第17回全日本短剣道大会 男子個人戦:第9試合

コメント:サイモン・ラースン

久恒先生は、今年の大会における目標として、一つ目の試合を勝ち抜くというお題を私に与え、私は上手くいくように願いながら試合に臨んだ。最近の久恒先生との稽古で、私はゆっくりではあるが自分の大きな弱点を克服しつつあると感じていた。

私はまさに自分がイメージした通り、試合開始直後から積極的に打って出、喉を狙った。この戦法は、この頃かなり上手くはまり、成功する確率が高い。私が思うに、初一本を取ることは大変重要で、それによって審判に自分の試合を印象付け、残りの試合を有利に運ぶ事ができる気がする。一度一本を取り、その後も相手にプレッシャーをかけ続ければ、審判は一本でなくとも少なくともポイントを付与してくれる。

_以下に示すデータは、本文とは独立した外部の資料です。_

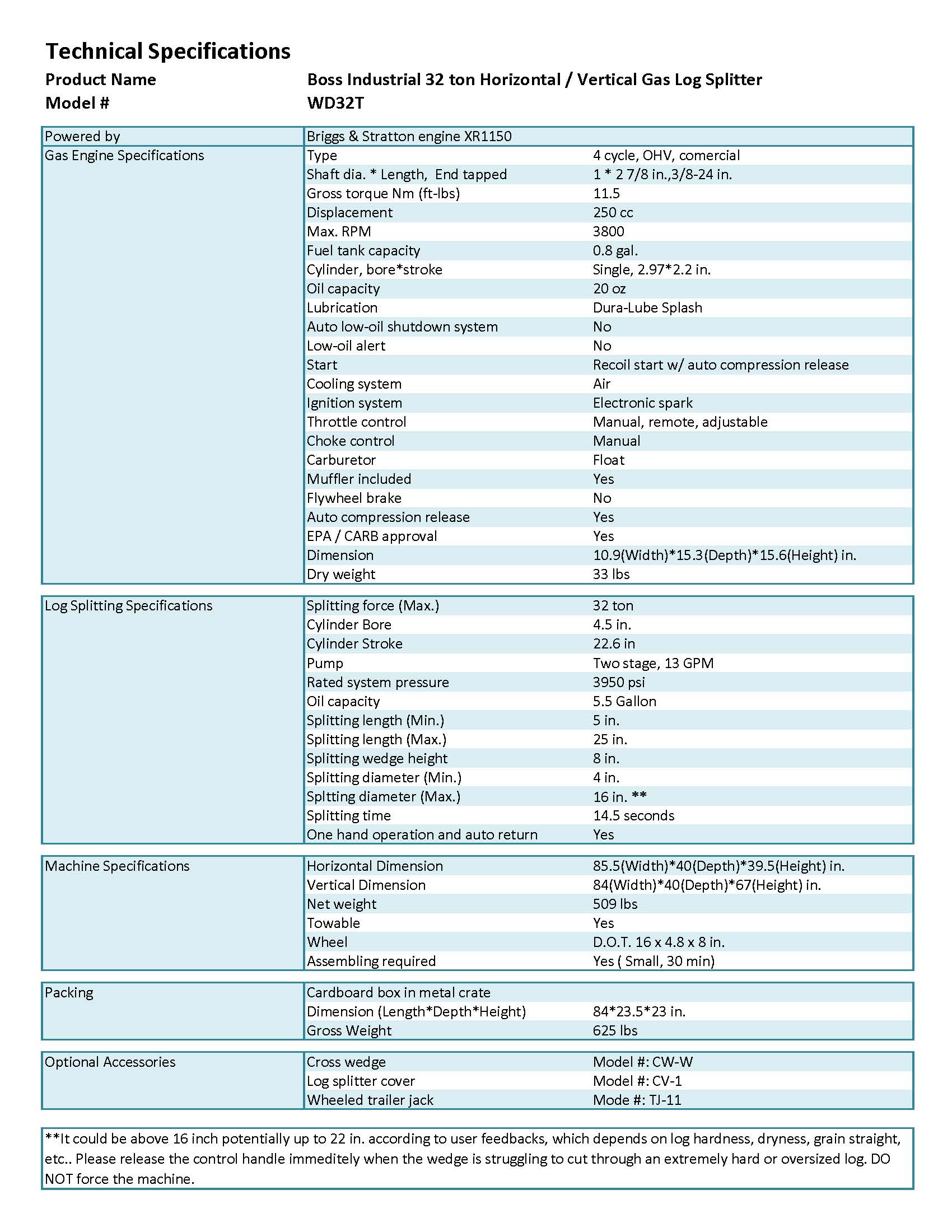 With the Boss Industrial Professional 32 Ton Horizontal / Vertical Gas Log Splitter, you will split wood like a pro and keep your fireplace full all winter. Better still, Boss stands by its excellent product quality with a 2 year warranty including hydraulics!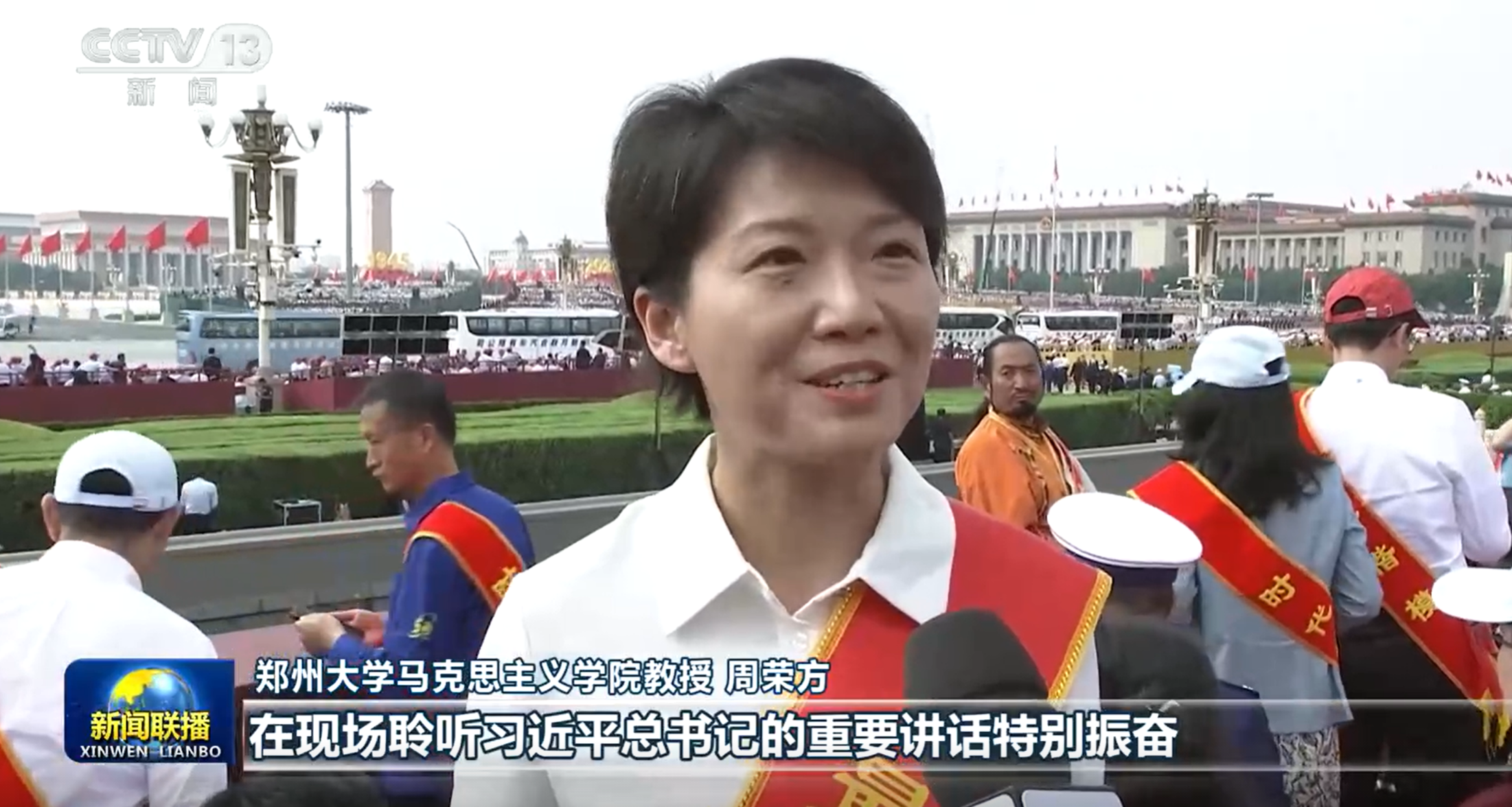 9月3日上午,纪念中国人民抗日战争暨世界反法西斯战争胜利80周年大会在北京天安门广场隆重举行。中共中央总书记、国家主席、中央军委主席习近平发表重要讲话并检阅受阅部队。中央广播电视总台《新闻联播》现场采访太阳集团tyc4633马克思主义学院周荣方教授观看感悟。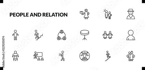outline people and relation icons set. editable linear sexual harassment, spanish man, small boy, and other 12 icons in this category isolated on transparent background.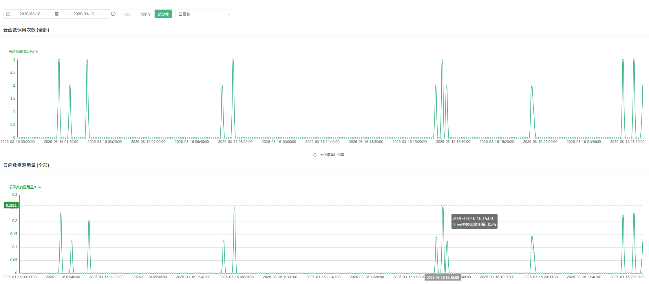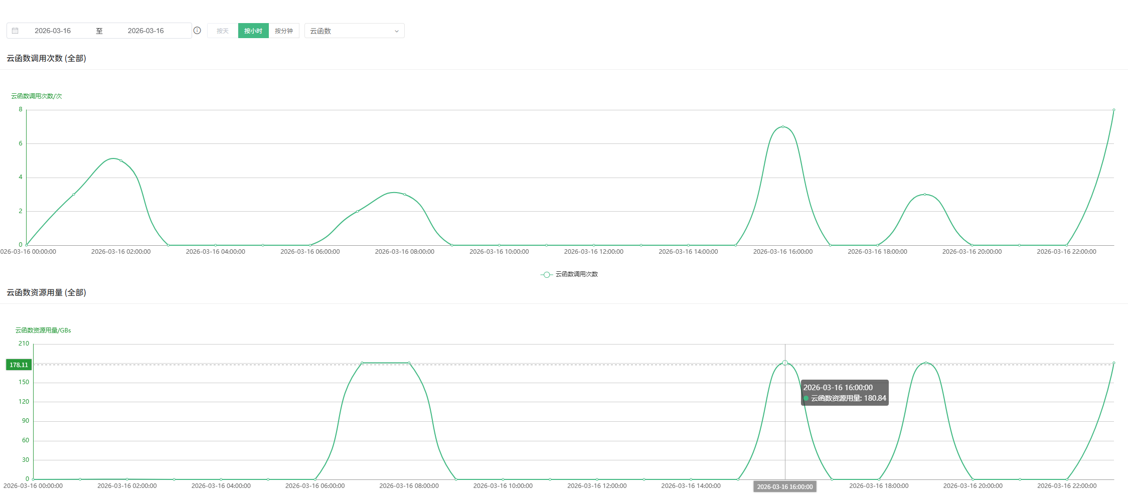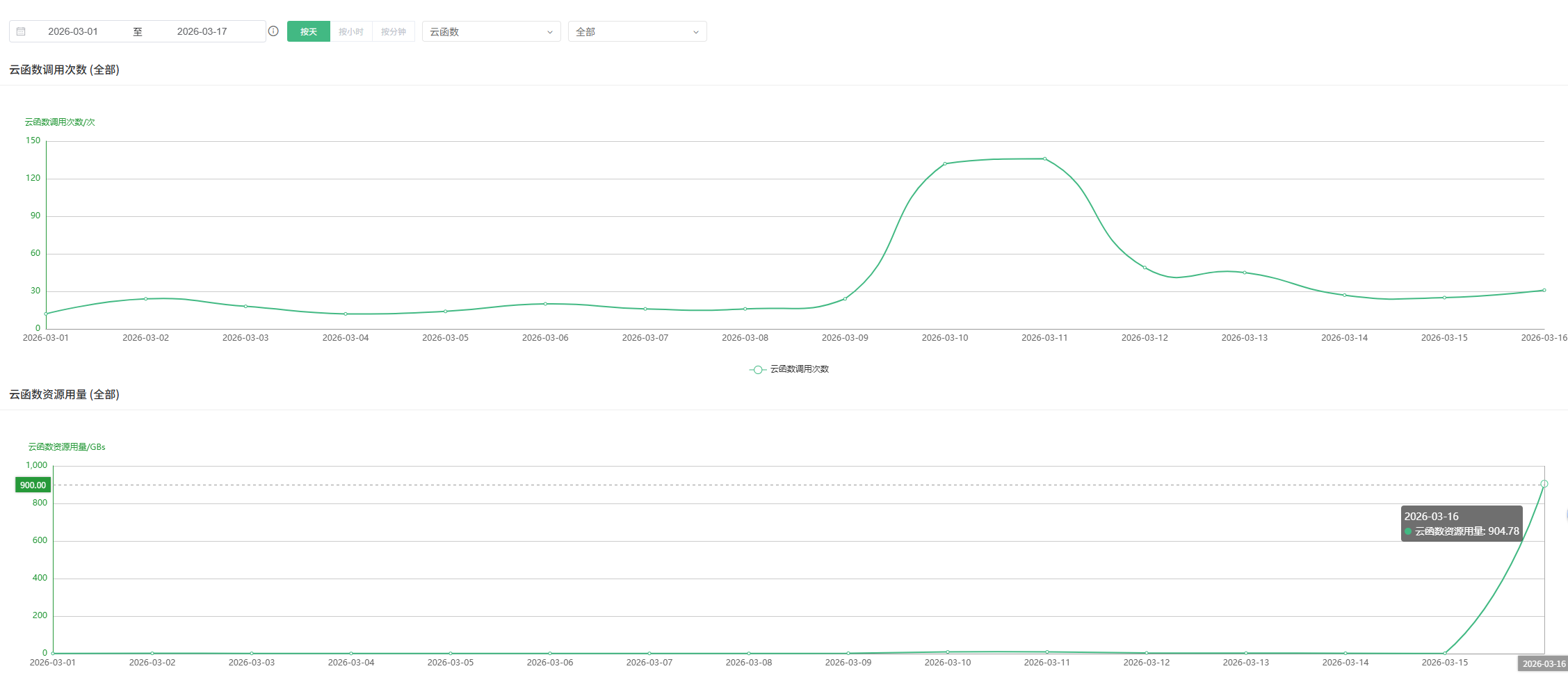 此云服务仅为调试用途,一共三四个云函数,在【云函数资源用量】图表中看到16号突然暴涨904GBs;按天查询有16号904GBs记录,按小时和分钟均没有用量达到904GBs的用量记录!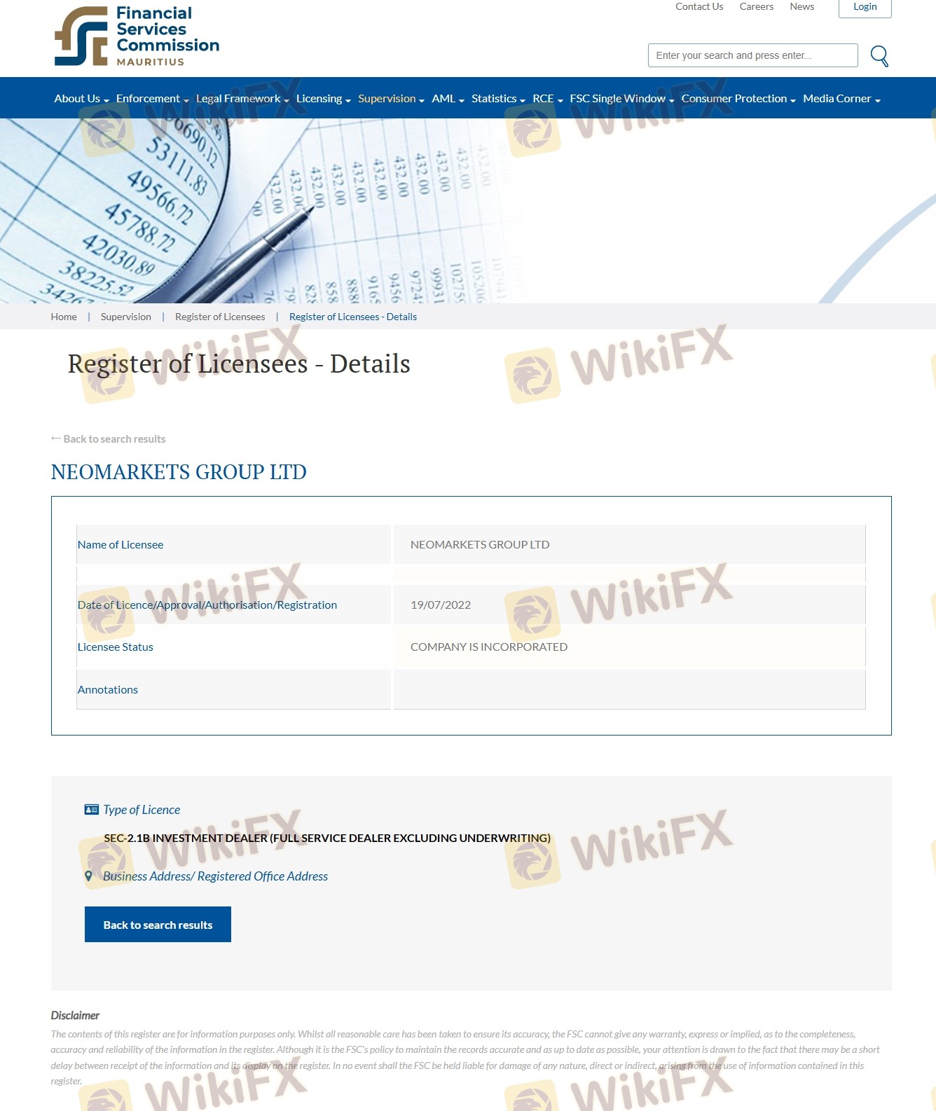 Understanding the regulatory landscape is crucial for any trader looking to assess the safety of a trading platform. Neomarkets claims to be regulated by the Financial Services Commission (FSC) of Mauritius. Regulation is vital as it provides a level of oversight that can protect traders from fraud and malpractice. However, the quality of regulation can vary significantly, and not all regulatory bodies offer the same level of protection. Below is a summary of Neomarkets' regulatory information: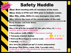 In our brainstorming about how to improve the shift report, we came up with the idea of having a team huddle, which we dubbed a safety huddle. This five- to 10-minute gathering at the beginning of shift change replaced the brief taped report delivered behind the closed doors of the conference room and gives us the information we need to work as a team. Both shifts assemble at the central nurses' station and the off-going staff succinctly report the critical information on each patient that everyone needs to know, including code status, diagnosis, tests scheduled for the day, fall risk, safety issues, and plan for the day (see Figure 1). We also review educational opportunities, such as in-services, that are offered that day. The on-coming and off-going nurses then head to the bedsides for the detailed reports.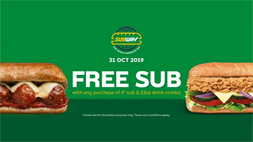 When we think of sandwiches, most of us will think of Subway. So being an icon of sandwiches worldwide, Subway is planning something big this sandwich day (31st October). So Subway is launching their promotion of a free sub (Subway sandwich) when you purchase a 6′ inch sub and drink combo on the 31st October.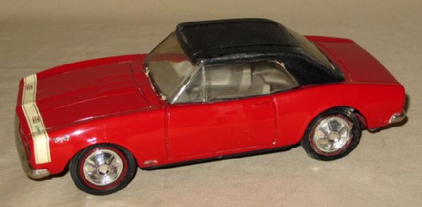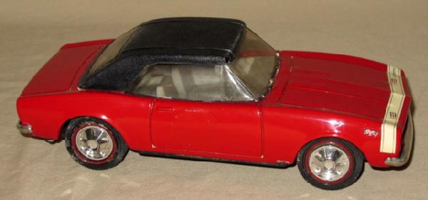 no maker's mark, has some wear and extra decals put on the toy, 9" long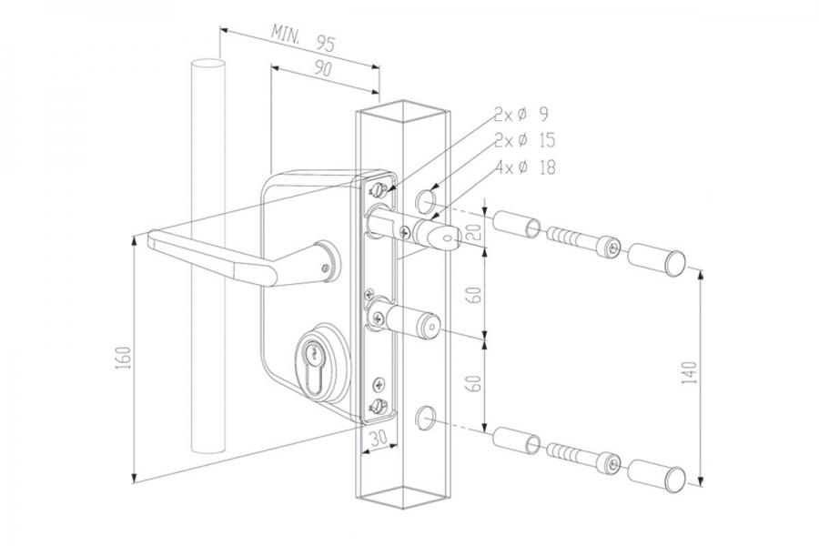 Locks for square or round or rectangular profile adjustable for mm 40/50/60, complete with handle and cylinder with 3 keys and reversible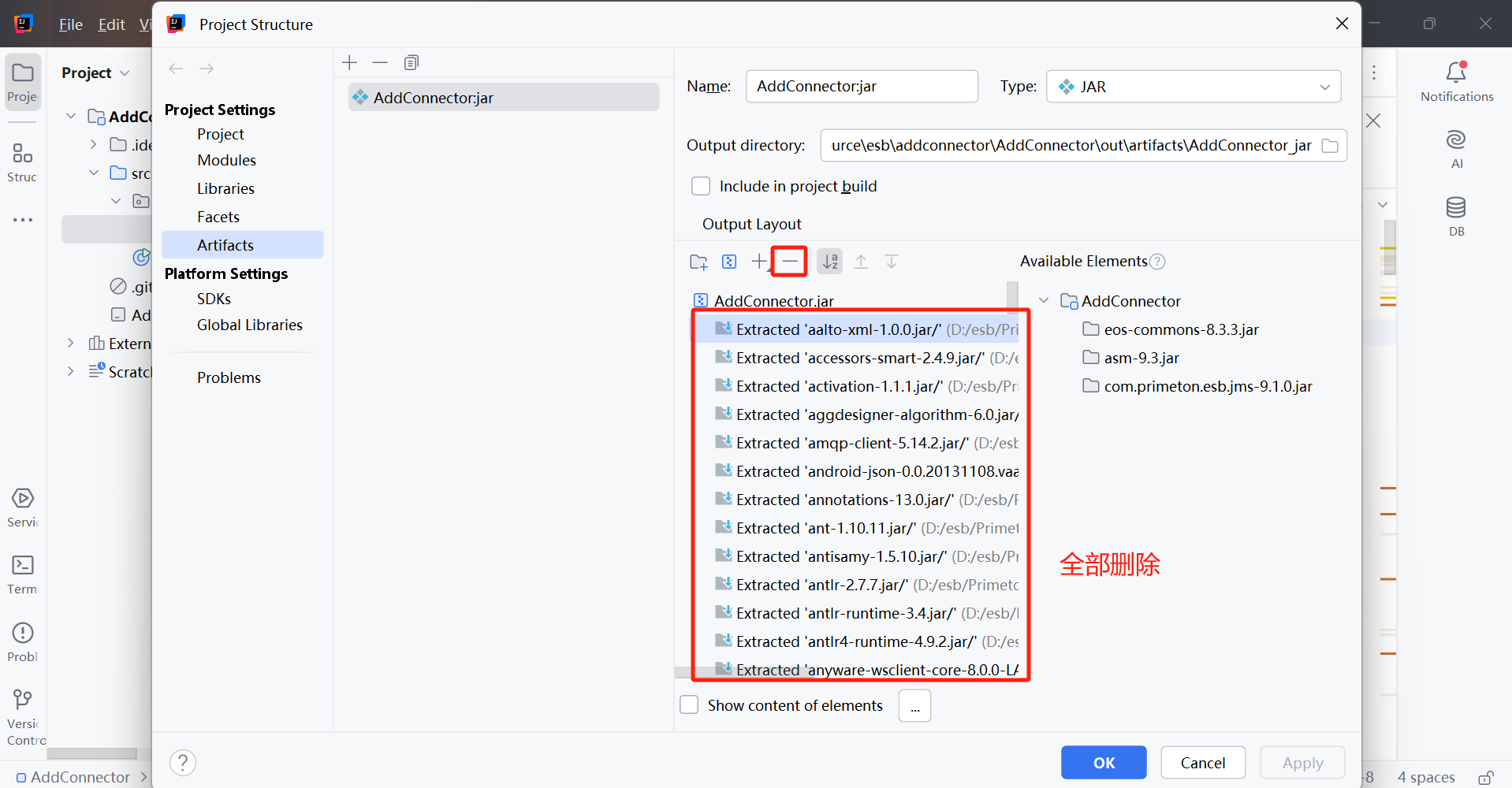 此次生成的Jar包无需引入第三方依赖Jar,因此删除所有第三方Jar,只保留该项目的输出目录。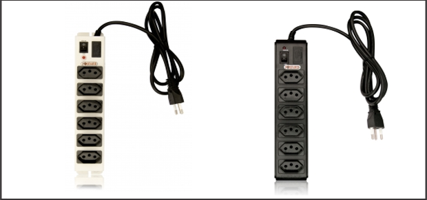 Os filtros de linha protegem aparelhos eletrônicos, de informática e telefônicos contra surtos de energia, ruídos de rede provenientes de descargas atmosféricas e picos de tensão, preservando e aumentando a vida útil dos equipamentos. Fabricados em metal ou plástico possuem de 3 à 6 saídas no novo padrão determinado pelo INMETRO.

残念ながら、私の癖でもある短剣を上下に振る動作は、敵に息を吹き返させる原因となった。馬鹿げたことだが、これをやることによって、私は自ら隙を作り自分のタイミングを失ってしまった。なぜこれをやってしまうのか、自分でも分からない。どうか皆さんは真似しないで! この2、3ヶ月の間、これをやらないように注意をしてくれた全ての人に、心から申し訳ないと思っている。

短剣を振ってしまう動作が敵を有利にしてしまったことと、惜しいところで一本を取れない(残心が十分でなかったからか?)ことが重なり、私は「最初に動く」という意図をすっかり忘れてしまった。私には、非常に悪い癖がある。それは、相手の動きにすぐに反応し、カウンター攻撃をしようと試みる癖である。本来なら、タイミングを良く計り、相手が自分の動きに反応させるように仕向けるべきなのだ。これは常に私の突きを、本来あるべき距離より短いものにしてしまい、その結果、残心は後退しながら示すことになる。他の人はいざ知らず、私は後退しながらの残心が上手くできない。

最終的には、敵は私の活気のない状態に上手く付け入り、私の遅い喉の突きを逃れて、一本を決めたのだ。

「試合でやってはいけないこと」を締め括ろう。二本目の開始直後から、私は敵に迫ったが、その途中で半身ではなく全身を晒してしまい、敵の良い標的となってしまった。

道場に戻り、厳しく冷静に試合を振り返る。やはり「ごめんなさいチョコ」でも買って、皆に配るべきかもしれない。